Note: RANCID handles text-based configurations. Binary configurations are a whole different story. While binary configs can be placed in an SVN repository, getting emailed about changes becomes a problem. It's possible to handle binary configs, though I do not believe RANCID has this capability.

Setup of RANCID is pretty straightforward. You can either install straight from source, or use a pre-packaged RPM. For this short tutorial, I'll be using an RPM-based installation. The source RPM I'm using can be found here. It is assumed that you can either rebuild the RPM via the rpmbuild utility, or you can install the software from source.

After the software is installed, there are a few steps required to set up the software. First, I would recommend editing the rancid.conf file. I find making the following modifications to be a good first step:

RCSSYS=svn; export RCSSYS
* Change RCSSYS from cvs to svn. I find SVN to be a superior revisioning system. Your mileage may vary, but I'm going to assume you're using SVN for this tutorial.

FILTER_PWDS=ALL; export FILTER_PWDS
NOCOMMSTR=YES; export NOCOMMSTR
* Uncommenting these and turning them on ensures that passwords are not stored on your server. This is a security consideration as these files are stored in cleartext format.

OLDTIME=4; export OLDTIME
* This setting tells RANCID how long a device can be unreachable before alerting you to the problem. The default is 24 hours. Depending on how often you run RANCID, you may want to change this option.

LIST_OF_GROUPS="routers switches firewalls"
* This is a list of names you'll use to identify devices. These names are arbitrary, so Fred Bob and George are ok. However, I would encourage you to use something meaningful.

The next step is to create the CVS/SVN repositories you'll be using. This can't possibly be easier. Switch to the rancid user, then run rancid-cvs. You'll see output similar to the following:

-bash-3.2$ rancid-cvs
Committed revision 1.
Checked out revision 1.
A configs
Adding configs
Committed revision 2.
A router.db
Adding router.db
Transmitting file data .
Committed revision 3.
Committed revision 4.
Checked out revision 4.
A configs
Adding configs
Committed revision 5.
A router.db
Adding router.db
Transmitting file data .
Committed revision 6.
-bash-3.2$

That's it, your repositories are created.
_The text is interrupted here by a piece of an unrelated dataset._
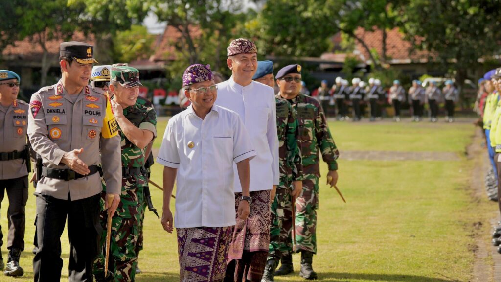Ket Foto Ist: Gubernur Koster bersama Kapolda Bali meninjau apel gelar pasukan operasi kepolisian terpusat Ketupat 2026, di Lapangan Iptu Soetardjo Mako Brimob Tohpati, Denpasar, Kamis (12/3/2026).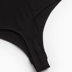 In excellent condition. Thong bodysuit in ribbed jersey. Wide shoulder straps, scoop neck front and racerback, and concealed snap fasteners at gusset.

All that's left is to set up the user credentials that rancid will use to access the devices, tell rancid which devices to contact, and finally, where to send email. Again, this is quite straightforward.

User credentials are stores in the .cloginrc file located in the rancid home directory. This file is quite detailed with explanations of the various configuration options. In short, for most Cisco devices, you'll want something like this:

add user * <username>
add password * <login password> <enable password>
add method * ssh

This tells the system to use the given username and passwords for accessing all devices in rancid via ssh. You can specify overrides by adding additional lines above these, replacing the * with the device name.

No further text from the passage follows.